It’s hard to write about the Russian Presidential election, not because it is particularly difficult to understand but because the normal language of such things can’t describe it. There are candidates, but their names can appear on the ballot only if the Kremlin allows it. There is a campaign, but candidates are allowed to appear on television only if the Kremlin O.K.s it. There are, usually, debates, but Vladimir Putin, who has been in power in Russia for eighteen years and is running for another six-year term, doesn’t deign to take part in them. There are opinion polls, but their results are adjusted to fit the probable result of the vote. And then there is the vote, but its outcome is preordained. In other words, the event scheduled for March 18, 2018, is not an election, but it is called one.
Russians face the choice between “voting” in the “election” and boycotting it. The decision is harder than it may seem. The boycott argument is clear: taking part in an obvious travesty serves only to legitimize its architects. Proponents of participation, on the other hand, argue that an election, even a sham one, puts stress on the regime, thereby creating a chance for change. The Kremlin goes to great lengths to ensure that the spectacle is empty—why make their job easier? Put more simply, every person who boycotts the election increases the number of percentage points by which Putin stands to win; this argument is suspect, however, since the relationship between official election results and actual votes cast is uncertain.

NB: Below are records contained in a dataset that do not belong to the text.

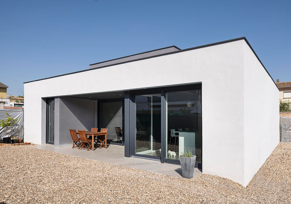La intervención se ubica en una urbanización parcialmente consolidada del sureste del municipio, en una parcela resultante de la agregación de dos solares estrechos (5,8 m de ancho por 17,4 m de fondo cada uno), pertenecientes a un desarrollo de viviendas en hilera cuya construcción quedó incompleta. La fachada principal de la vivienda se dispone con orientación sureste hacia el jardín privado, protegido del viento dominante (cierzo) por la propia volumetría urbana.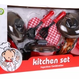 Ovaj fantastični kuhinjski set idealan je za djecu od 3 godine. Set sadrži razne lonce i tave s poklopcima, kuhinjske alate i imitacije hrane za realističnu igru.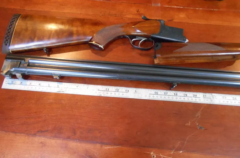 Baikal Cal 12, Magnum 3 inc. Barrel length 29 inches, these are extractors and not cartridge ejectors there are no handling marks no rust and no cracks on the stock the choice of select walnut chosen is select beautiful ribs, beautiful wood grain, Deep Blue , the finish is original the breech is engraved with hunting scenes it is in my possession for a very very long time , very little used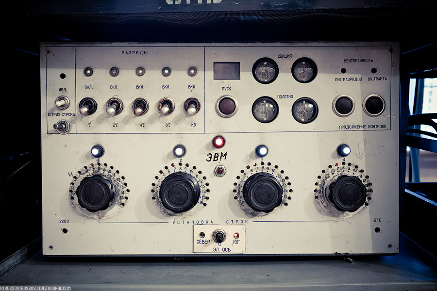 ЭВМ smile.gif Точнее, не сама ЭВМ, а небольшой блок управления антенной БСА — позволяет переключать ее направление на небе в «ручном» режиме (набором тумблеров и рукояток на панели), либо — на управление от ЭВМ (сейчас как раз и горит индикатор ее работы). Раньше за надписью ЭВМ скрывалась М-6000 (70-е годы), потом — МЕРА-125 (80-е годы), сейчас -обычная персоналка. А вот сама надпись маркером на блоке — как написали ее в 70-х, так она и осталась...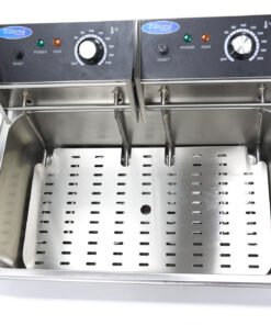 If you regularly fry large quantities of food in your catering establishment, this professional fryer with a 15 litre capacity is ideal. It consists of two separate heating elements and one large frying basket. The advantage of a deep fryer with two heating elements is that you don’t need a lot of power. So no matter what kind of kitchen you are in, the deep fryer can simply be connected to a standard electrical outlet. When lifting the frying basket, you can use the heat-resistant handles to prevent injury, and the supplied lid prevents oil from splashing during use. The rubber feet at the bottom of the appliance ensure that it remains stable and firm on most surfaces.
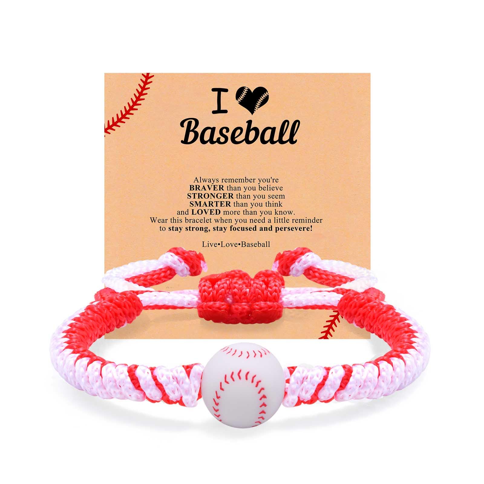 Pulsera deportiva de silicona trenzada: la pulsera de accesorios de béisbol está tejida con cuerda de nailon hecha a mano y cuentas de silicona seguras de grado alimenticio, ligera e impermeable, cómoda de llevar y adecuada para deportes y actividades al aire libre. Adecuado para niños a partir de 3 años.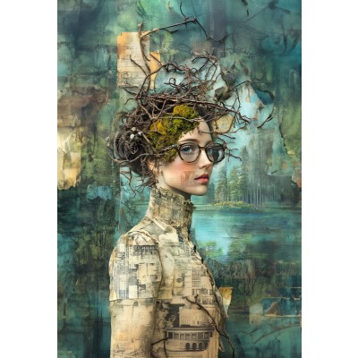 Una obra que fusiona naturaleza, historia y alma en un retrato onírico y poético. La serie “Mystic #01” nos transporta a un universo donde el rostro humano se entrelaza con paisajes montañosos, arquitectura antigua y texturas orgánicas como musgo y papel. Ideal para espacios que buscan arte con profundidad, sensibilidad y un toque de magia.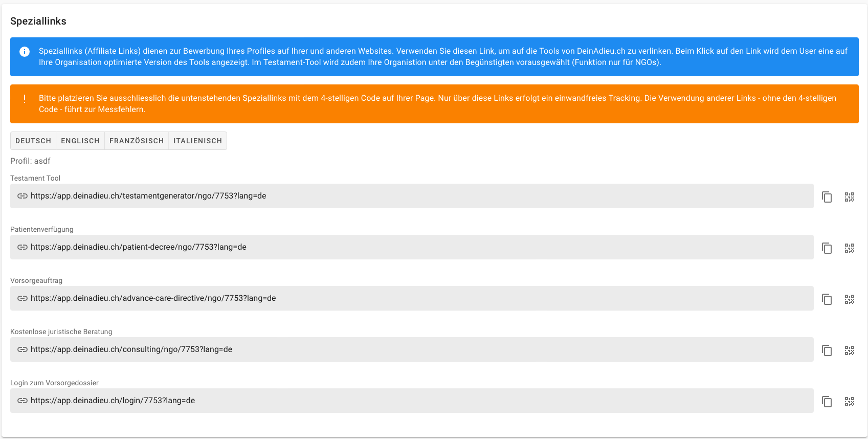 Der Speziallink für das Testament-Tool ist der wichtigste Speziallink. Nebst diesen stehen (je nach Land) weitere Speziallinks zur Verfügung: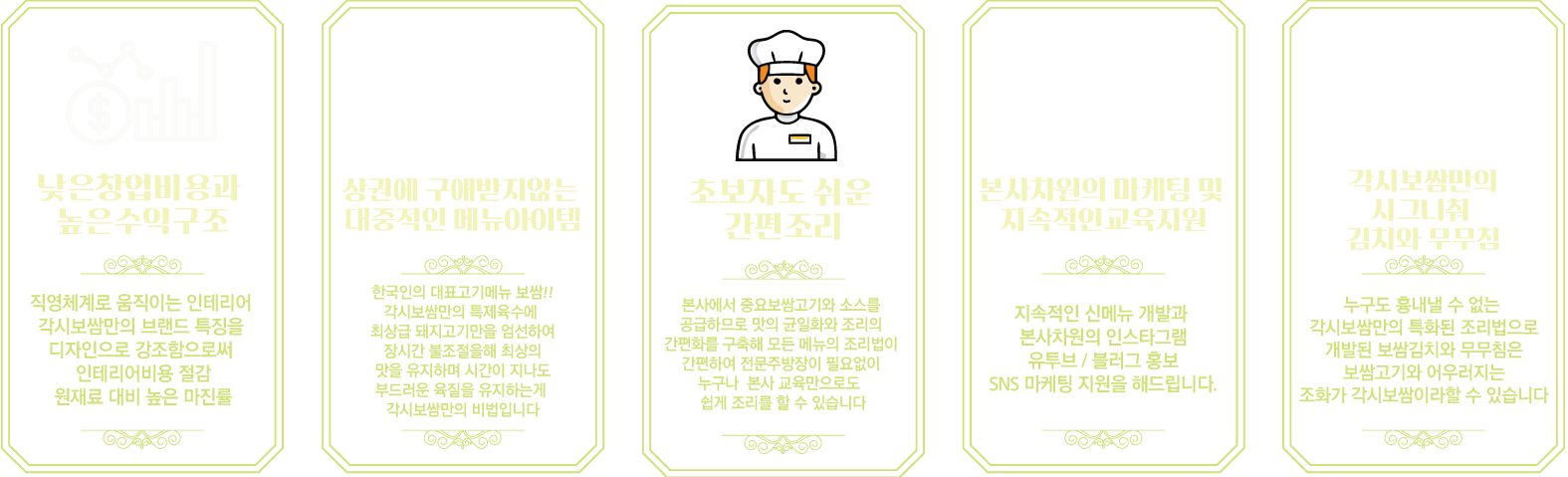 맛에 대한 고집, 고객에대한 서비스마음 이2가지는 양보할 수 없지만 고객님들의 고견 잘 청취해 동반성장 한다라는 마음으로 점주님들과 같이 평생직장이 될 수 있도록 하나하나 만들어 나가겠습니다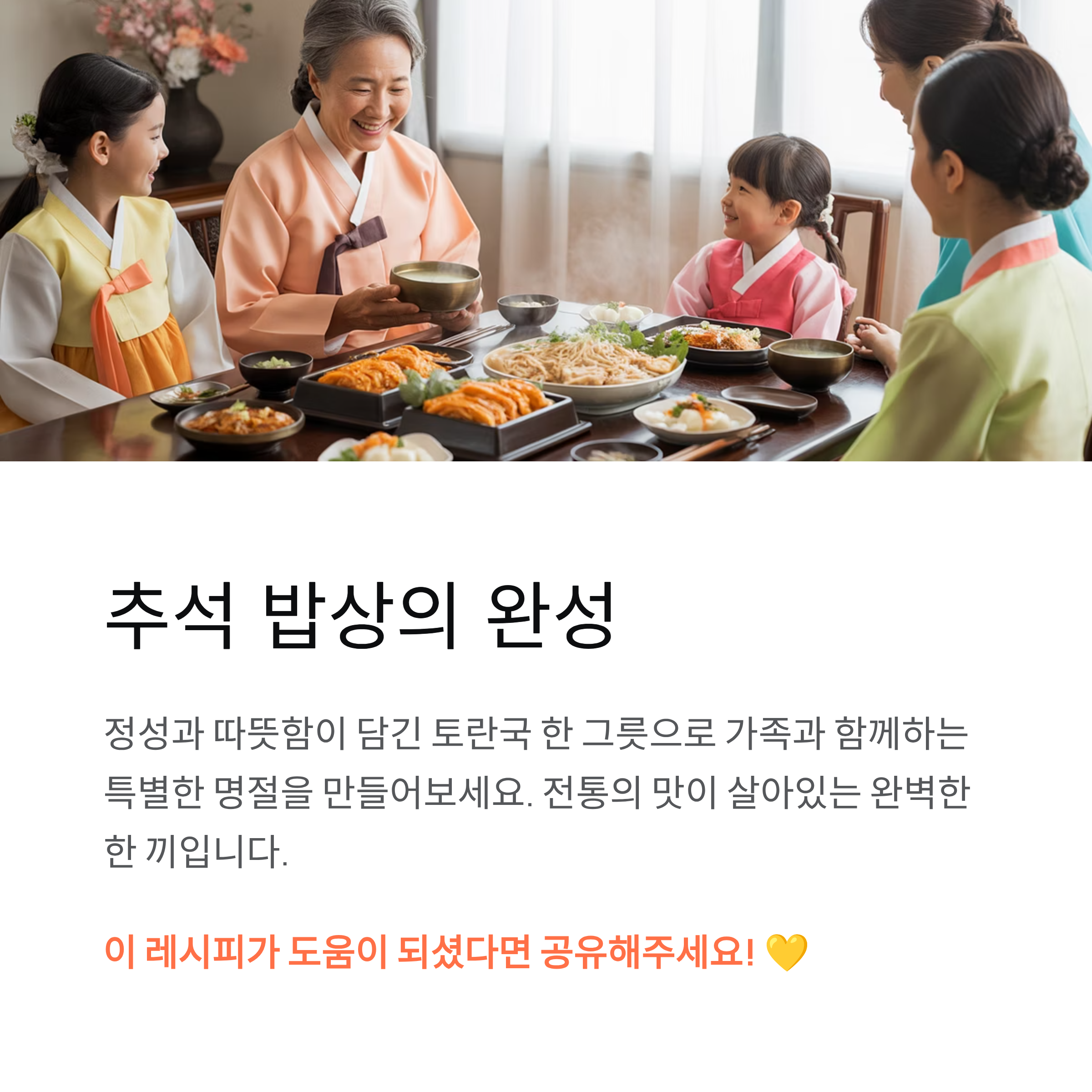 토란국은 단순한 국이 아닙니다. 명절의 정서, 가족의 따뜻함, 그리고 가을의 풍성함이 함께 담긴 음식이죠.

All the same arguments have been made before. It’s not the first or even the second or third time that Russia is holding a sham election. Six long years ago, when Putin last had himself “elected,” two of his most prominent opponents—the chess champion turned politician Garry Kasparov and the longtime politician Boris Nemtsov—called for a boycott. But the anti-corruption blogger Alexey Navalny opposed this call. “There is no mobilizing message in the call to a boycott,” he argued. “It just says, ‘Stay home, watch TV, be outraged.’ But we spend all day watching TV and being outraged as it is.” Nor, he argued, would a boycott succeed in significantly lowering voter turnout.